RESENHA: AMNESIA SCANNER – ANOTHER LIFE

Amnesia Scanner é orientada a esquecer toda a tralha estética imposta nos últimos anos, na tentativa de facilitar a manipulação eletrônica como um método especulativo de experimentar alternativas.

Porque nós temos acessos à amnésia coletiva que é protocolada em carimbos de consumo invadido lares mundanos e hipnotizando-nos vulgarmente e microexplosões de sentido que sempre acabam com uma psicodélica Rufles ocupando três quartos da televisão.

Em vez da pressa em identificar o que necessariamente é este álbum, surgem os sons distorcidos por uma peneira cujo método se baseia em deliberadamente destroçar as ligações causais entre música e comércio. Restam os sons. Pra Amnesia Scanner, a música tem de assumir, em seus veículos portáteis, um papel protagonista em detectar as falcatruas especuladas como realidade, trends, podcasts, reviews etc. A música tornou-se uma comodidade portátil, um mero apetrecho.

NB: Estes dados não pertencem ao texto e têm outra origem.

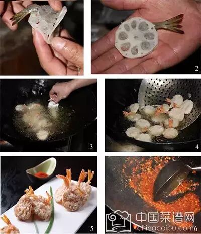 2.依据上述做菜的方法并加以变化,还可做出别样风味的虾肴。第一,可在虾泥当中加菌菇类的颗粒、马蹄粒等以增加口感;第二,可把藕夹换成面包片、馒头片、土豆夹等;第三,可在藕夹外面再粘匀一层面包糠,使得成菜口感更酥脆;第四,味汁还可调成酸辣味、鲜辣味、家常味、酱香味等。
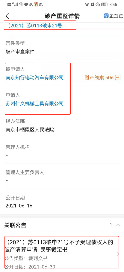 企查查信息显示,今年6月16日,苏州仁义机械工具有限公司也曾申请对南京知行旗下的南京知行电动汽车有限公司申请破产重整(2021)苏0113破申21号,但法院在6月30日裁定驳回申请。
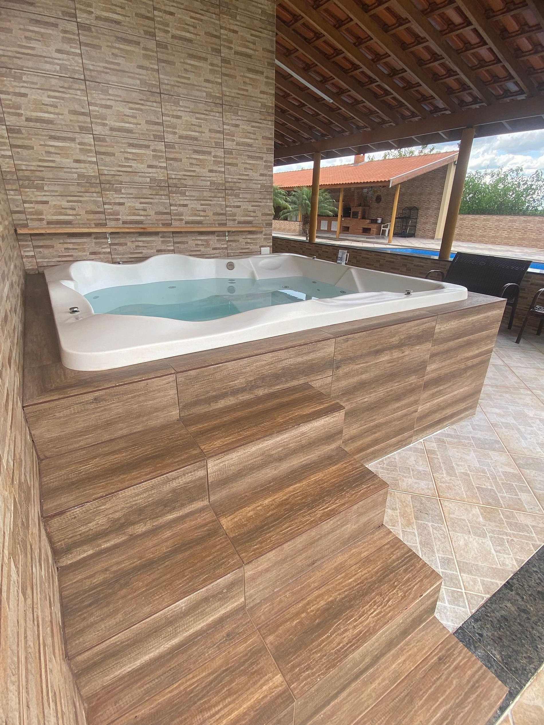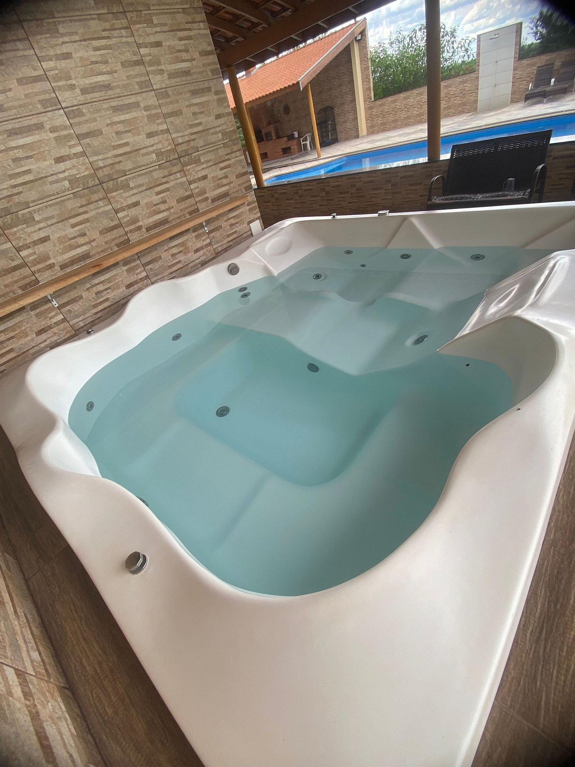 Para maior comodidade, há ainda dois banheiros externos de apoio. A área de lazer é completa e pensada para relaxar: Piscina ampla de 12x8 metros Jacuzzi aquecida para até 8 pessoas Rancho com churrasqueira, fogão a lenha e freezer Sala de TV climatizada com ar-condicionado e smart TV Wi-Fi disponível em toda a propriedade
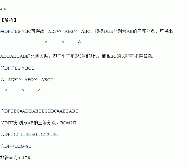 如图,,分别为的三等分点,,若,则________,________.
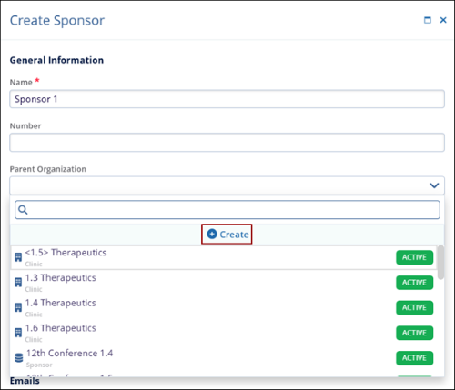 - Parent Organization: To add an existing organization to the sponsor, click on the drop-down arrow and select the appropriate organization from the list. To create a new organization, click on the +Create button.

Nesta cultura sobressaturada, nós percebemos a música como algo onipresente, invadindo através de pendrives, streamings e players automáticos em sites não muito confiáveis. Talvez nós parássemos de investigar eternamente nesta rede de informações sem fim e nos detivéssemos nos símbolos como pura manifestação de uma incompreensão coletiva absolvida de qualquer julgamento elitista-cultural em prol de erradicar a falsidade que é a estética, os gêneros e o comércio.

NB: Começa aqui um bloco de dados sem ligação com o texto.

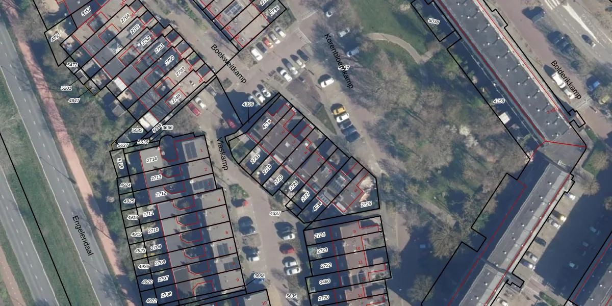 Korenbloemkamp 4 is gelegen op kadastraal perceel LDD00B2729. Deze kadastrale aanduiding is uniek en wordt gebruikt door het Kadaster om eigendomsrechten en andere zakelijke rechten vast te leggen. Het perceel maakt onderdeel uit van de kadastrale gemeente Leiderdorp.
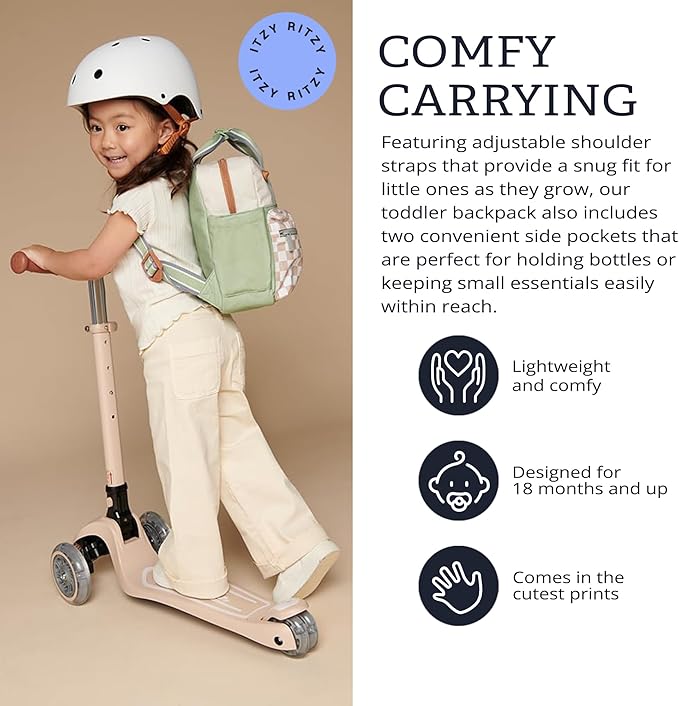 - COMFY CARRYING & SECURE BELONGINGS: The adjustable shoulder straps of our backpack for toddlers provide a comfy, customized fit for little shoulders. The top handles snap together for easy grab-and-go carrying, and the large, easy-access front zipper pocket keeps favorite toys secure.
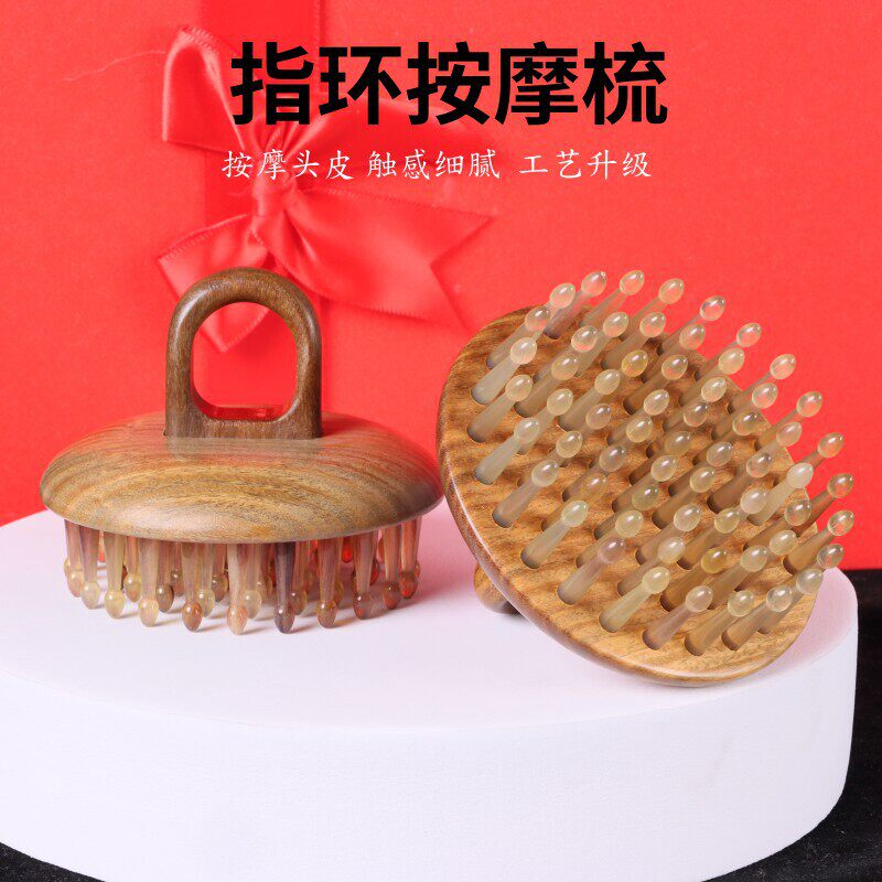 天然牛角梳头部经络梳子疏洗头刷头疗刮痧头皮按摩梳指环梳
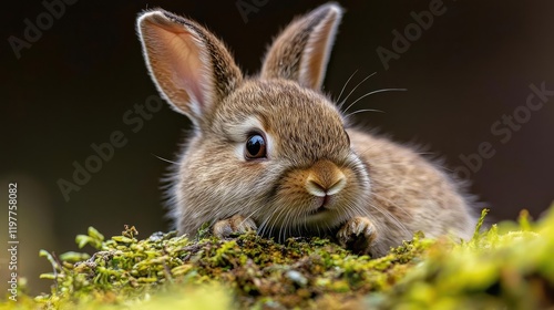 Fototapeta premium Adorable brown bunny in mossy forest, wildlife closeup
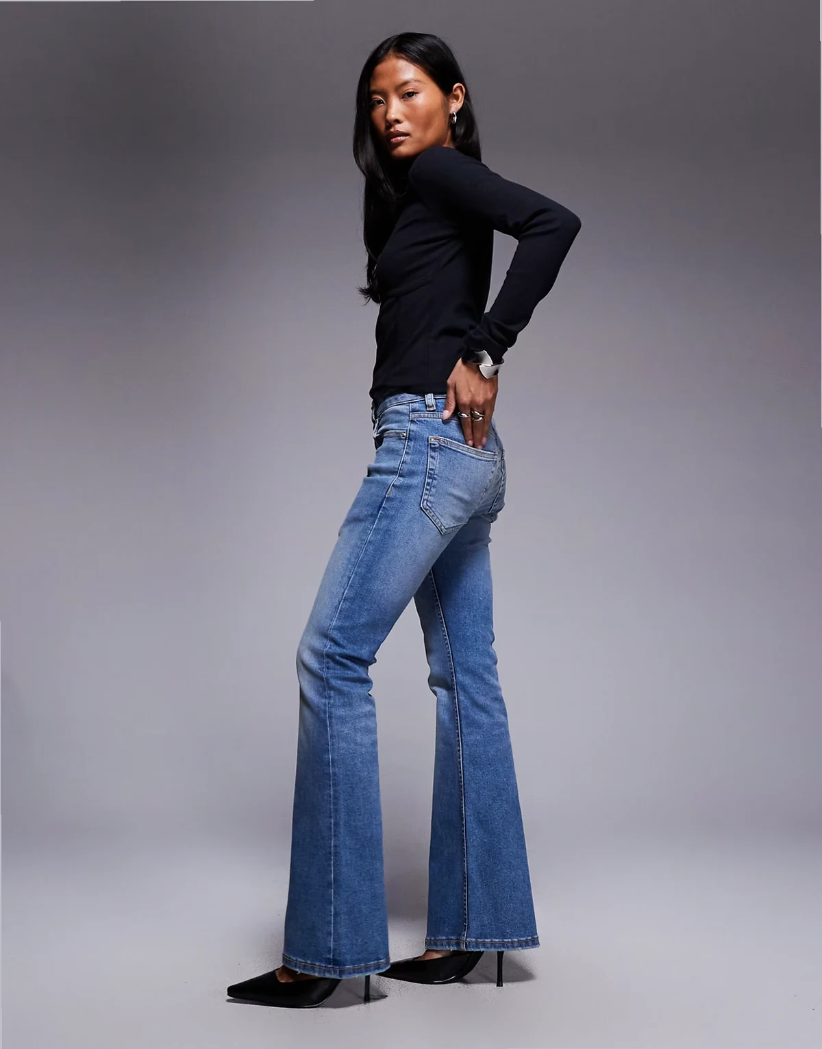 ASOS DESIGN Petite – Jeansy bootcut w niebieskim kolorze

É um fardo solitário na história em que os memes (veja o Instagram do produtor) se proliferam porque eles afirmam que na comédia algo sempre é roubado de uma referência como se a desnudasse em sua realidade bizarra. Afinal você ainda está sozinho lutando pra ter algo que passe o tempo, ouvindo todas as músicas possíveis torcendo por identificação, lendo os livros hermenêuticos pra decodificar os enigmas, assistindo aos filmes que zombam da modernidade e da pós-modernidade, que são pastiche de uma época em que referências culturais já nascem estigmatizadas.

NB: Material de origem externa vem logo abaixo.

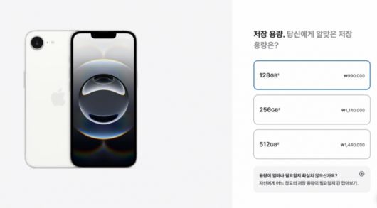 아이폰16e는 128GB, 256GB, 512GB 모델로 출시되고, 출고가는 한국 기준 각각 99만원, 114만원, 144만원이다. 128GB 기준 전작은 출고가가 65만원에 책정됐었다.
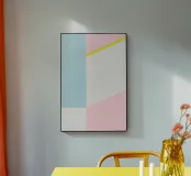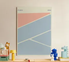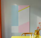 Questa stampa d'arte minimalista colpisce per i suoi tenui colori pastello e l'armonioso gioco di blu, rosa e bianco, accentuato da una stretta striscia gialla. Le chiare forme geometriche creano un'estetica calma e moderna, perfetta sia per uno spazio di lavoro creativo che per un accogliente salotto. Questo quadro dona una fresca leggerezza a qualsiasi ambiente ed è ideale per gli amanti dell'arte semplice ma espressiva.

Há algo inumano nesse escambo conhecido como humanidade, uma força perversa que se orienta pela proliferação do capital enquanto lógica interna própria, abastecendo a arte com táticas publicitárias. Que o tipo de música feito pelo produtor – palpada nos desvios dessa lógica de consumo, comandada pela distorção de uma realidade dada até que ela fique nua, explícita em sua falta de matéria – seja um pastiche complacente com esse mundo de falsas-afirmações, não é incomum. Durante o disco, percebe-se a ironia transparente como mote maior de um campo preenchido por exposições óbvias de uma falta de sentido abundante nisso tudo. O músico quebra com as lógicas envelhecidas justamente por ser fruto de uma época em que o excesso de representações torna qualquer coisa caricata, interpelada pelo ridículo próprio e alheio. Em fragmentos, que em sua continuidade vão se desgastando, o processo de algo tornar-se “datado” é evidenciado sonoramente. E isso assusta porque se vive em uma época em que tudo é obsoleto. Não há espelho que resista à destruição imposta pela submissão à imagem.

Ele encontra uma estética deteriorada, mas que se leva a sério. Então, é importante retroceder ao fato de que nichos e subnichos procriaram-se pela pobreza do diálogo e se abastecem em contínuas zonas de conforto artístico. Neste ponto, “Another Life” subverteu seu próprio processo destrutivo porque ele cria efetivamente algo, não apenas minando convicções alheias. Agora, o álbum é um fator que nega o que seu próprio produtor viraliza: de que tudo é esboço de identificação palpado em representações conscientes. De certa forma, ele viaja pelos canais de charts e trend topics pra lixá-los.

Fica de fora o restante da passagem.